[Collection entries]
######

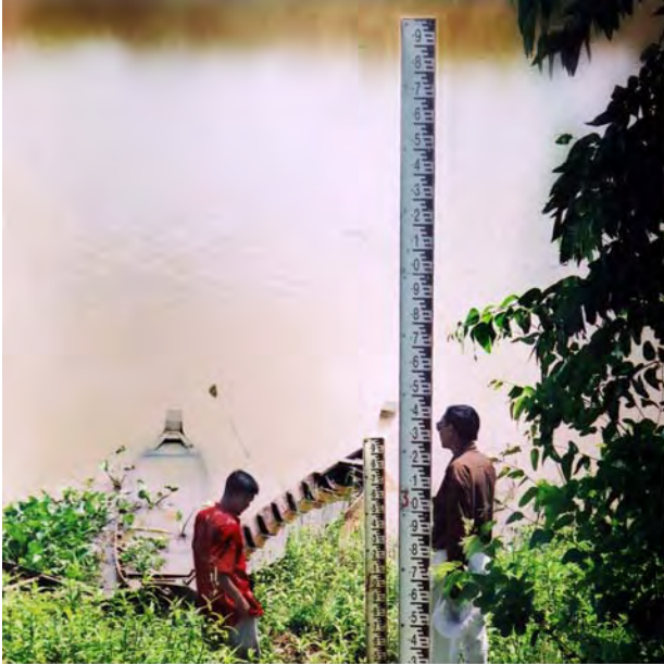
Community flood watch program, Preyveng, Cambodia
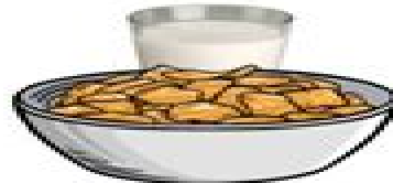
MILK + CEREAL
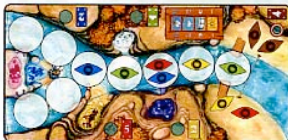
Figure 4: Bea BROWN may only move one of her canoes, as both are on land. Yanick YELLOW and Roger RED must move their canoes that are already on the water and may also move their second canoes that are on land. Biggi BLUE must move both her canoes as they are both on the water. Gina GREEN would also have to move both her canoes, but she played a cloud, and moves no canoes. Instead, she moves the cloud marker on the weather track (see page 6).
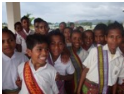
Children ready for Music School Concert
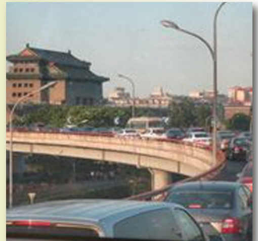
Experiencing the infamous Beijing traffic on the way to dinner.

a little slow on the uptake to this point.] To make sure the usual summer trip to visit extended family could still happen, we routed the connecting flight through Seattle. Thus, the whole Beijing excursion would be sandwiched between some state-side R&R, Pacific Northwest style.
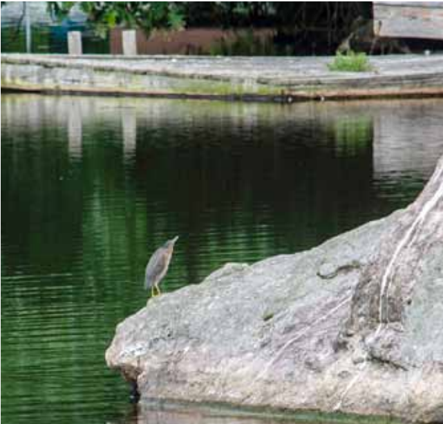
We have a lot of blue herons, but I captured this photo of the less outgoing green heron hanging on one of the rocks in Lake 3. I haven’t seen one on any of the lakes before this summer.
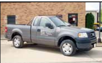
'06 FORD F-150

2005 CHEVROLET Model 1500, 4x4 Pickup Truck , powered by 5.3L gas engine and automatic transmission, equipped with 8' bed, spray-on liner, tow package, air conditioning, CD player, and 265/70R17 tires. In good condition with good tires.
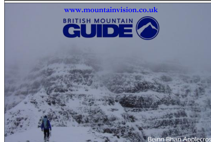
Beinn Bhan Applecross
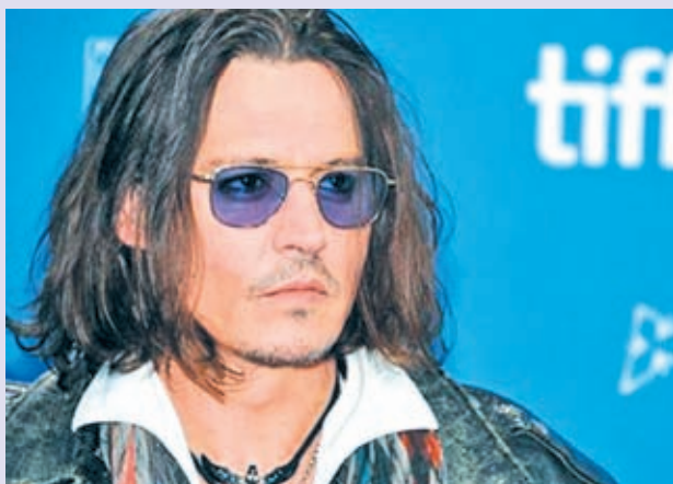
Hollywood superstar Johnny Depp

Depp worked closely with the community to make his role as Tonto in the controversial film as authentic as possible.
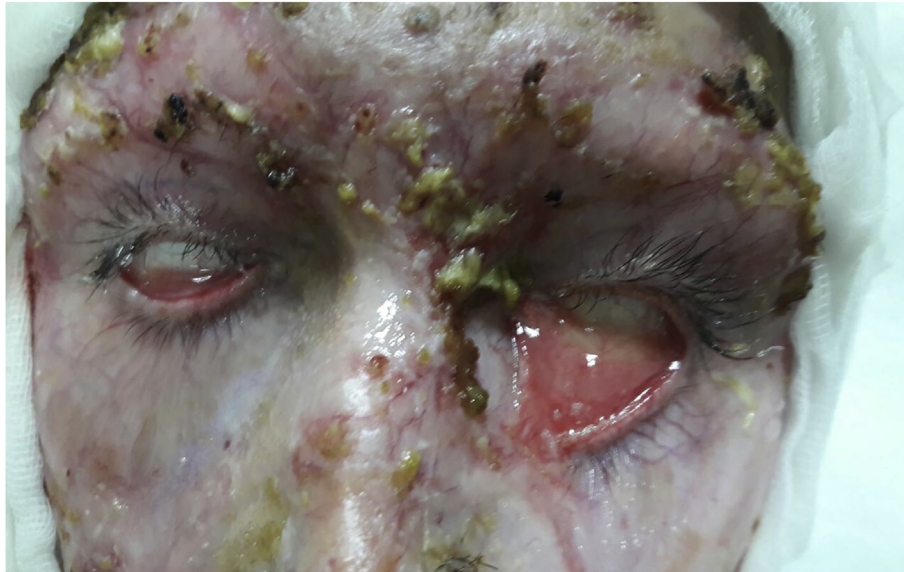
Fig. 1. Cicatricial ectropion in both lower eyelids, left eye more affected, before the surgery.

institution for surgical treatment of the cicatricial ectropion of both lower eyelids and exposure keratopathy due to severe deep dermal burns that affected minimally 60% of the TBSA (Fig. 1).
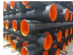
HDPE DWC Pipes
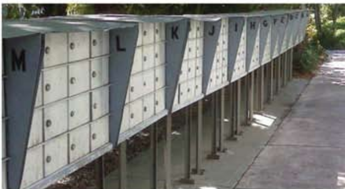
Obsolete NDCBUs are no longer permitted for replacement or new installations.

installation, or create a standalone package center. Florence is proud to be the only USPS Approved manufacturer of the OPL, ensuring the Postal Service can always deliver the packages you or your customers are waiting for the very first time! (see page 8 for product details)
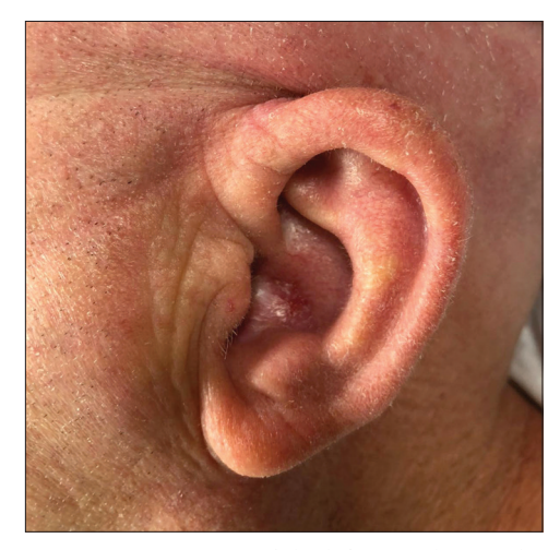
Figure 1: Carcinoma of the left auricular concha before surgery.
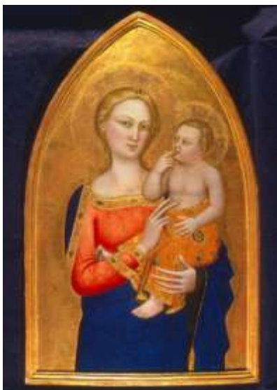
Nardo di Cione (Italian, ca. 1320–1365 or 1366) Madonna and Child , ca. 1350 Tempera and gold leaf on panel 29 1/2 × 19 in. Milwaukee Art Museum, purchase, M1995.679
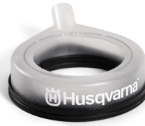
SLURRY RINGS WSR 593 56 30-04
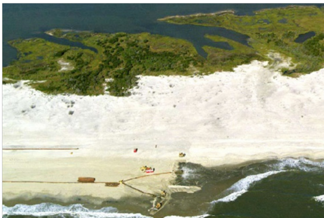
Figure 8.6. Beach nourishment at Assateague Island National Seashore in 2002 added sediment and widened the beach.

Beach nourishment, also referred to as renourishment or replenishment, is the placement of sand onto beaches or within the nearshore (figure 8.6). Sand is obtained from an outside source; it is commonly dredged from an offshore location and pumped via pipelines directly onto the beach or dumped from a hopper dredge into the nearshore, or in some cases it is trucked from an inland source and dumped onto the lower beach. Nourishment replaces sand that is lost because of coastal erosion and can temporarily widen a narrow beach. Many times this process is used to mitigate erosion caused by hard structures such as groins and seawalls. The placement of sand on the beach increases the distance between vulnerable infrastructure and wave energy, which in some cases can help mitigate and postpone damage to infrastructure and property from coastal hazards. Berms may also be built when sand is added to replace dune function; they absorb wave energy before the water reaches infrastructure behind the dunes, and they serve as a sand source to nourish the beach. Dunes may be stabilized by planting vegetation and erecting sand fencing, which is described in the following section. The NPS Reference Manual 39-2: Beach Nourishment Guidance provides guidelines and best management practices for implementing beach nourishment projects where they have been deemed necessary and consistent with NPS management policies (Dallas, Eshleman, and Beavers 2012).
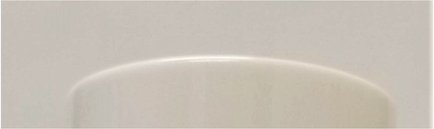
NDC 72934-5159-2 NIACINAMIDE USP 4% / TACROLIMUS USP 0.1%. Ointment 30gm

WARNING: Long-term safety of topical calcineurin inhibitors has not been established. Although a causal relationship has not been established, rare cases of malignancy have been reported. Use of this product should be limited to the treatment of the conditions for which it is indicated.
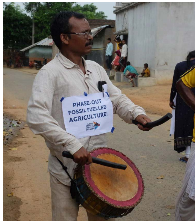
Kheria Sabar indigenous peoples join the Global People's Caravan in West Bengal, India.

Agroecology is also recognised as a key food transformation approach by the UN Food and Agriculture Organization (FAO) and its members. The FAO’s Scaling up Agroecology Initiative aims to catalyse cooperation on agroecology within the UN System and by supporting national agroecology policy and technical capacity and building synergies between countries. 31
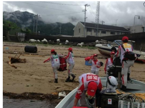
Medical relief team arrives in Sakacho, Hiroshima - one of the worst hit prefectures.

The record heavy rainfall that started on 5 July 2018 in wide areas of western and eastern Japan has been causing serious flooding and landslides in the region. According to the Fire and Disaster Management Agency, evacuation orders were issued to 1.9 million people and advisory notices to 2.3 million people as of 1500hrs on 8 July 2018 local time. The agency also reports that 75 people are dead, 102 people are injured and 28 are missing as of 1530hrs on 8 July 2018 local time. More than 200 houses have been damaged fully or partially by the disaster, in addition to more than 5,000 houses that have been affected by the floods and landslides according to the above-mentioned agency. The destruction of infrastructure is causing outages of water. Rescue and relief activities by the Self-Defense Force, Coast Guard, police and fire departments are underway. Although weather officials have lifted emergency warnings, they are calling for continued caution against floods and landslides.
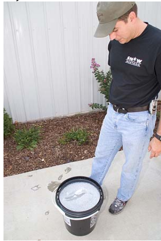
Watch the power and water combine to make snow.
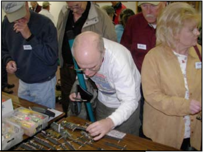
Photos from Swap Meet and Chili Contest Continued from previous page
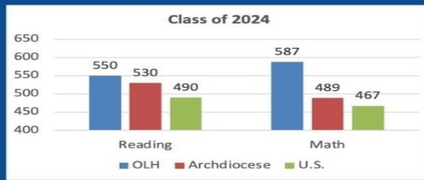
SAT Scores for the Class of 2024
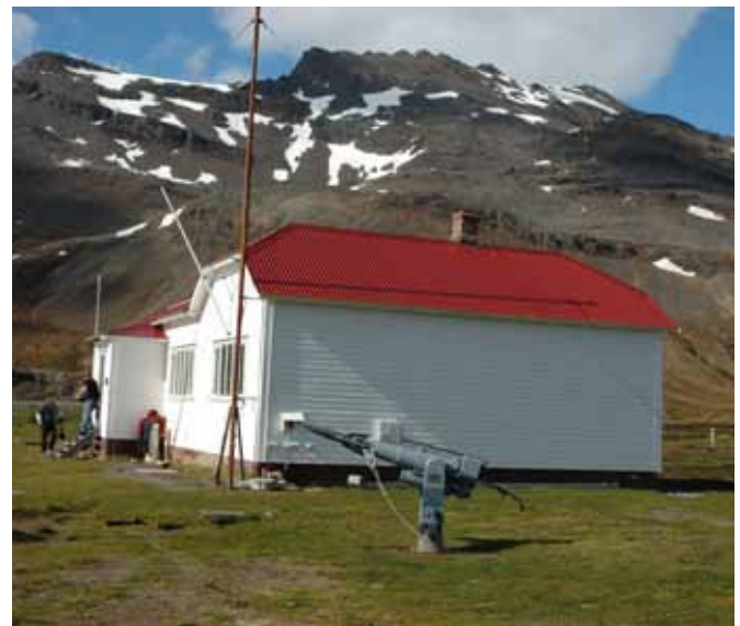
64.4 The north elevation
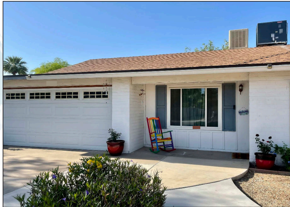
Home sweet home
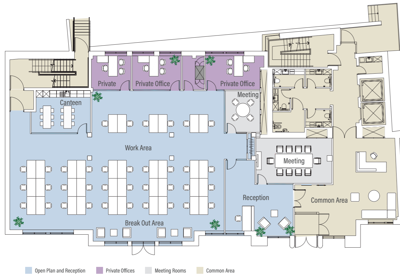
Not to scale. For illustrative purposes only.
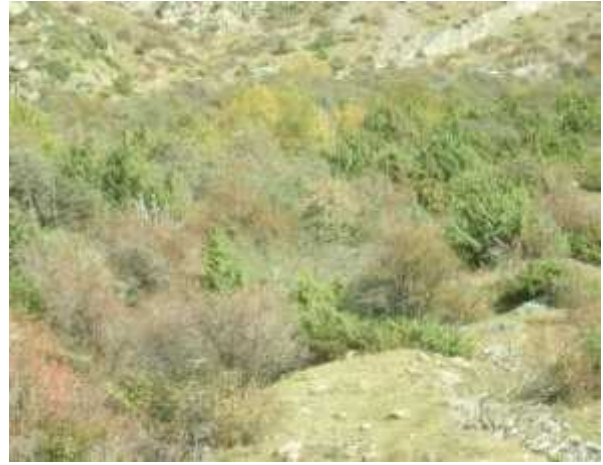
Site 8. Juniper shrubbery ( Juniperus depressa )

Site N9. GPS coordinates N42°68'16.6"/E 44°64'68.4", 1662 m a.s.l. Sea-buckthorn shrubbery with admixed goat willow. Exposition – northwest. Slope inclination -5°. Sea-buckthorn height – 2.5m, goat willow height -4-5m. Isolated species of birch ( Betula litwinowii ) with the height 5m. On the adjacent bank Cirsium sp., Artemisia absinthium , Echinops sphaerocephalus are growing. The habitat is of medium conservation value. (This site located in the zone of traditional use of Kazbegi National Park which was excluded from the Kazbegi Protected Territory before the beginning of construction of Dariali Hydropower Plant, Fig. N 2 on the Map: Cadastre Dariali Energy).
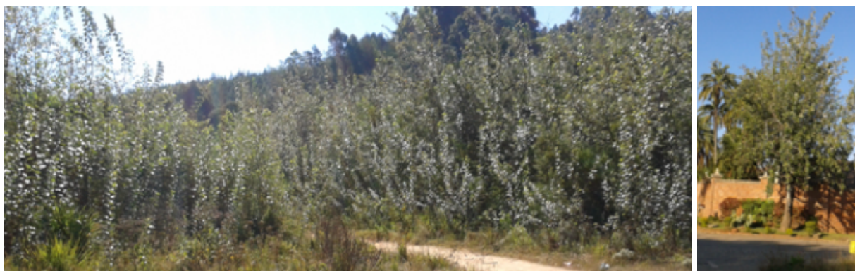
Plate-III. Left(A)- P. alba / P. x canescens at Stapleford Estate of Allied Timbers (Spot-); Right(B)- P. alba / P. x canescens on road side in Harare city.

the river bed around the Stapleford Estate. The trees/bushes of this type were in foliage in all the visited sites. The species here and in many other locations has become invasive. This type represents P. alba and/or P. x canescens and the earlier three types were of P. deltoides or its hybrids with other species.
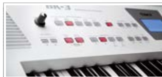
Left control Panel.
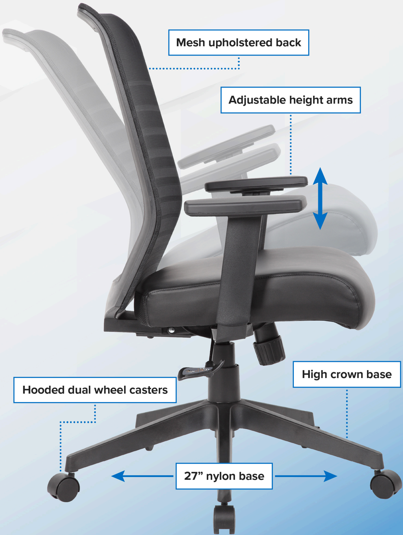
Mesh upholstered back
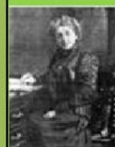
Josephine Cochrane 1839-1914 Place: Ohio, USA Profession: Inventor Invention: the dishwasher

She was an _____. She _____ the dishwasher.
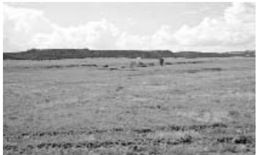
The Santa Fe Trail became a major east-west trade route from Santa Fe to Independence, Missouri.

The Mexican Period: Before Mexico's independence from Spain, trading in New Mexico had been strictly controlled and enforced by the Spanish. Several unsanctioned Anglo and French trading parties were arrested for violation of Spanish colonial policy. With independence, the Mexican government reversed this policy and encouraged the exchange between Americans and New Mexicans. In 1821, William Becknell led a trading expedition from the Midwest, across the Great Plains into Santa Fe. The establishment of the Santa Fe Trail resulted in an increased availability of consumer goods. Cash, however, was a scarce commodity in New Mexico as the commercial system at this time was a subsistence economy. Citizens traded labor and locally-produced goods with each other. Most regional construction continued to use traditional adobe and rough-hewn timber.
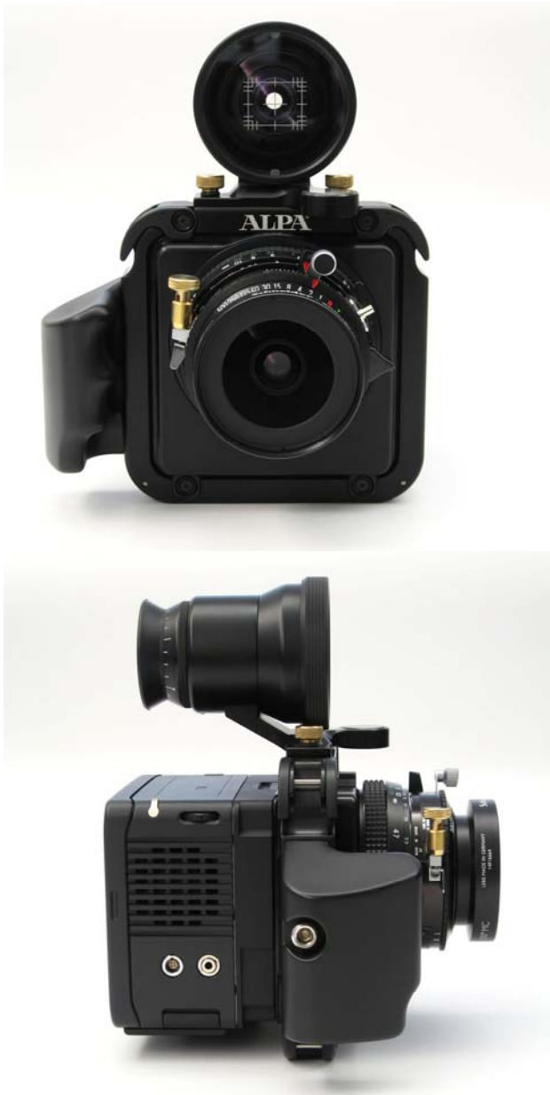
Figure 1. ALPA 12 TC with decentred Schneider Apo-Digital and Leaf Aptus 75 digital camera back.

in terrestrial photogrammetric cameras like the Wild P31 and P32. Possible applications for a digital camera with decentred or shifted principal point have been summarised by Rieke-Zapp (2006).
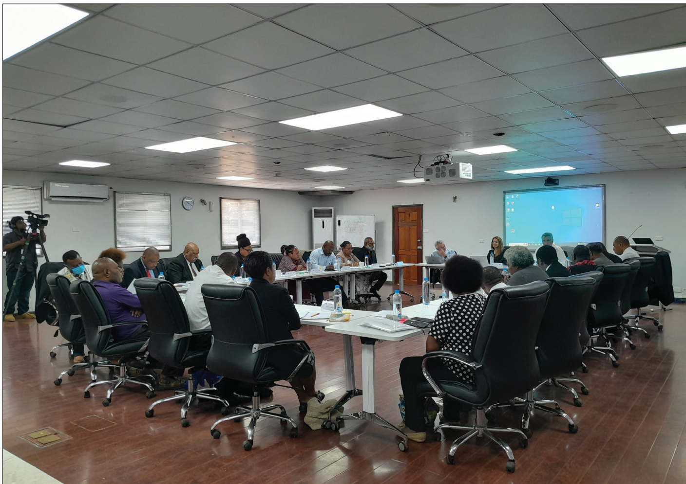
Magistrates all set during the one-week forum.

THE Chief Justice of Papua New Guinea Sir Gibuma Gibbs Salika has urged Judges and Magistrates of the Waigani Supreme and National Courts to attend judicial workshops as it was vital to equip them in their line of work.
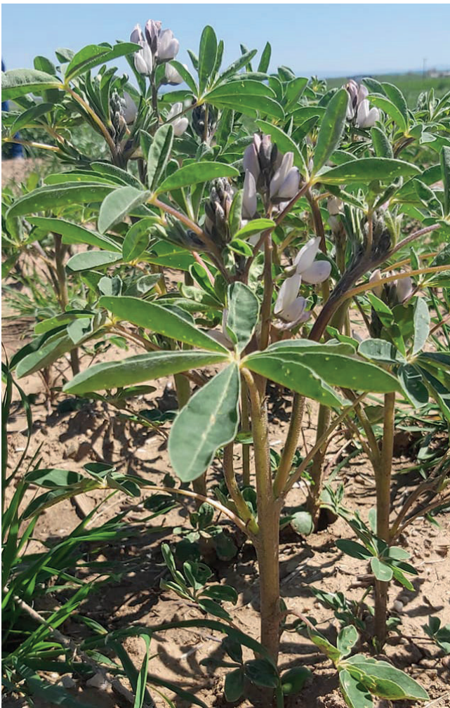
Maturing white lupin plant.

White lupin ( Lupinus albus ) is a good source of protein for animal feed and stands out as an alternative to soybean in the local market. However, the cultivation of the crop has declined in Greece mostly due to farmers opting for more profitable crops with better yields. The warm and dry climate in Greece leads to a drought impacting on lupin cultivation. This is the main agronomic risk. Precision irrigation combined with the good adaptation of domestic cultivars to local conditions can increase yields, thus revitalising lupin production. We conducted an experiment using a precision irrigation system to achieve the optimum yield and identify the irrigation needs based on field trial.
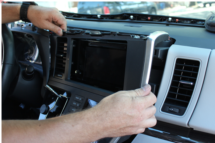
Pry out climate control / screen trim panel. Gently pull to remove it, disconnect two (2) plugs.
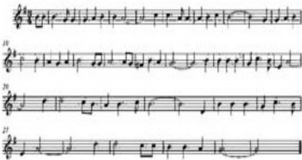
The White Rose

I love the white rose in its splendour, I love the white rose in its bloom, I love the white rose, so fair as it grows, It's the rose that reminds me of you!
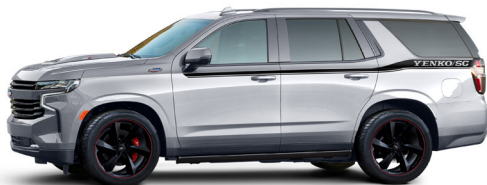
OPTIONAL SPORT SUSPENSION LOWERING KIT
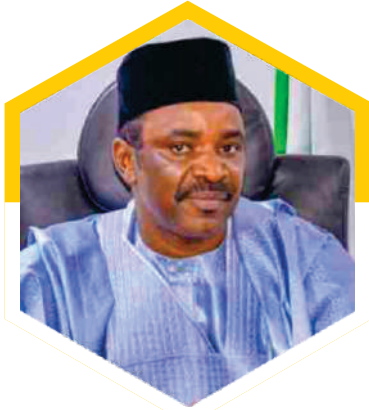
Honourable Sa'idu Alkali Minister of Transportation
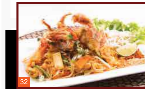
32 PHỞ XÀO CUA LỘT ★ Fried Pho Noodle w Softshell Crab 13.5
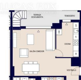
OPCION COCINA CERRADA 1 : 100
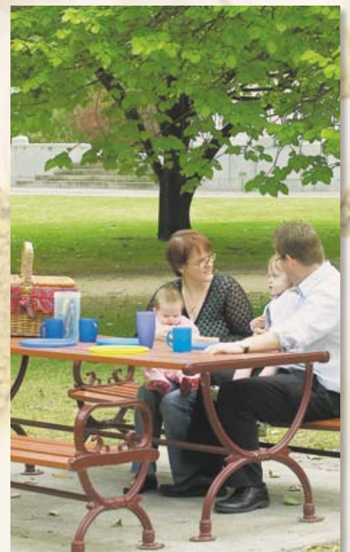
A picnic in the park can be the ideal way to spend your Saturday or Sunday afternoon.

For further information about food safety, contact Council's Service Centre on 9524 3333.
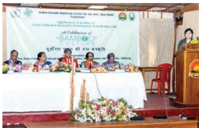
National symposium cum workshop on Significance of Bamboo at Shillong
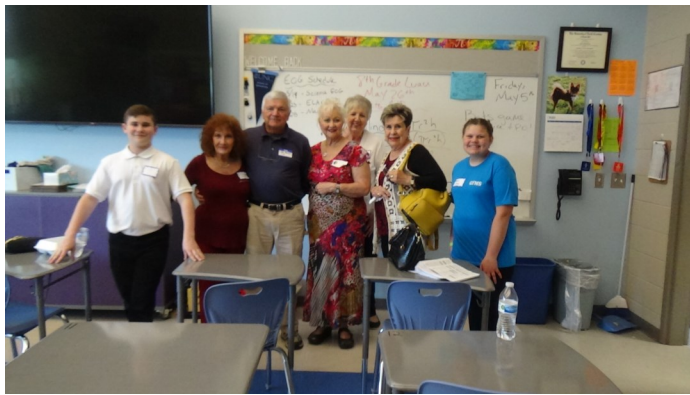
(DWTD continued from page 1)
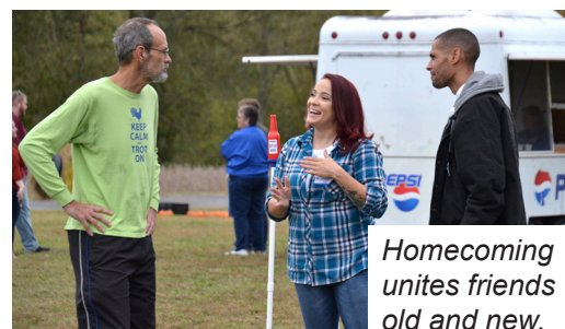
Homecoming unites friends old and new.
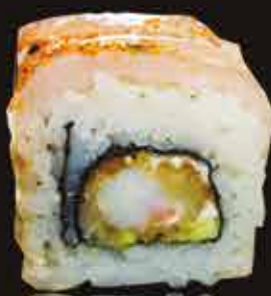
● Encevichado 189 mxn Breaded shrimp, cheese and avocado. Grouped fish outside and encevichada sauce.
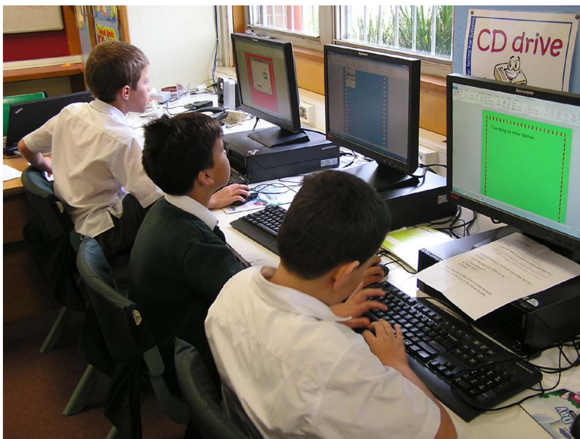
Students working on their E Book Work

######

What to produce: Across all the lines of the data, count those that include the word "surgery" and reply with that number only.

Answer below: 2